Still waiting for someone to open source an observability db that uses distributions as the core storage abstraction instead of just single values.
I thought Circonus’ IronDB was open source but they’ve either brought it back closed source or I was mistaken.
In any case it seems weird that everyone is just rehashing the same space with metrics dbs and not moving to where Google/Circonus have been for a while.
I'm not sure I understand. Google, Circonus, etc. all store distributions as scalar values. A histogram is merely a collection of scalar values, where the collection is a set of bounded buckets, where the boundaries are typically adjacent to one another (e.g., 0.1 <= x < 0.2, 0.2 <= x < 0.3, etc.).
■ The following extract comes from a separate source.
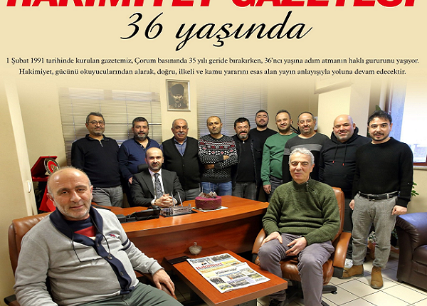 Çorum basınının köklü yayın organlarından Hakimiyet Gazetesi, 36’ncı kuruluş yılını kutluyor. 35 yılı geride bırakan gazete, yeni yaşına girerken yayın ilkelerinden ödün vermeden yoluna devam etmenin gururunu yaşıyor.

You can do this with any timeseries DB.
The aggregation functionality is best done in a separate layer so that you have the flexibility to change how you create your distributions without having to change your storage backend.
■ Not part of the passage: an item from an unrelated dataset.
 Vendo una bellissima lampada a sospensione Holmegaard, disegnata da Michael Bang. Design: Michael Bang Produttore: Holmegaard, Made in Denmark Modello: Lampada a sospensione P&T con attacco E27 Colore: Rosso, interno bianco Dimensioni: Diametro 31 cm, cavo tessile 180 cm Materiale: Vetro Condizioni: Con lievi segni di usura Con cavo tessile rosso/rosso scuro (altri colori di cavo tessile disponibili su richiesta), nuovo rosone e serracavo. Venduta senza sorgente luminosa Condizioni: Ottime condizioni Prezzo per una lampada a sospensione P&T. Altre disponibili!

They store scalar values in that they are binary encoded data structures. But the data structures they actually encode at the cell levels they histogram bins in a datastructure optimized for histogram calculations (in the Circonus case log linear histograms encoded as 3 values[0]). These histogram structures are optimized for fast re-aggregation and quantization across time/dimension. By optimizing for histograms first and plugging things like counts and gauges into them (rather than the reverse for something like Prometheus) they get around a lot of the bad statistics and expensive query calculations that other metrics systems have.
This is different than say how Prometheus stores histograms where it treats the bucket boundaries as a dimension in a fixed bucket histogram and the cell as the count of items in that bucket.
Veneur[1] can compute approximate global percentiles (among other things) during metric collection, and the percentiles can be stored and queried in even in a datastore that doesn't know anything about distributions.
As fas as I have seen, 99% of in-house solutions are tailored for exactly 1 use case - the company that built it. Existing solutions like InfluxDB are made way more generic.
Companies like Twitter, Uber etc can spend many millions and won't notice so they can build tailored databases for themselves.
Will someone else use it? Probably not (sure unless this is something new or that differs a lot from existing solutions and gives a lot of benefits)
I think it has (sadly) become common for people/companies to adopt software just/mostly because it came from Twitter/FAANG or whatever company that is high on hype...
Also, TimescaleDB is a general purpose time-series database, which means that it not only works for metrics data, but also many other datatypes (strings, arrays, JSON, etc). You can also create indexes on any of these fields.
Because TimescaleDB is built on Postgres, it is also a relational time-series database. Ie you can store metadata / business data alongside your time-series data.
While HDFS is indeed used for exporting old data and storing some partition mapping metadata, it's clear from the blog post that MetricsDB is much more reliant on BlobStore as well as MetricsDB-specific services.
> The servers checkpoint in-memory data every two hours to durable storage, Blobstore. We are using Blobstore as durable storage so that our process can be run on our shared compute platform with lower management overhead.
This applies to all time series databases... What is special about time series that makes unique databases attractive? Is it the assumption that only 1 main index is created (time)? Is is that the data is append-only?
In particular, I'd love to know if theres anything major that generic RDBMS's could do better here.
Modern column-oriented relational data warehouses will handle time-series data fine in 95% of cases.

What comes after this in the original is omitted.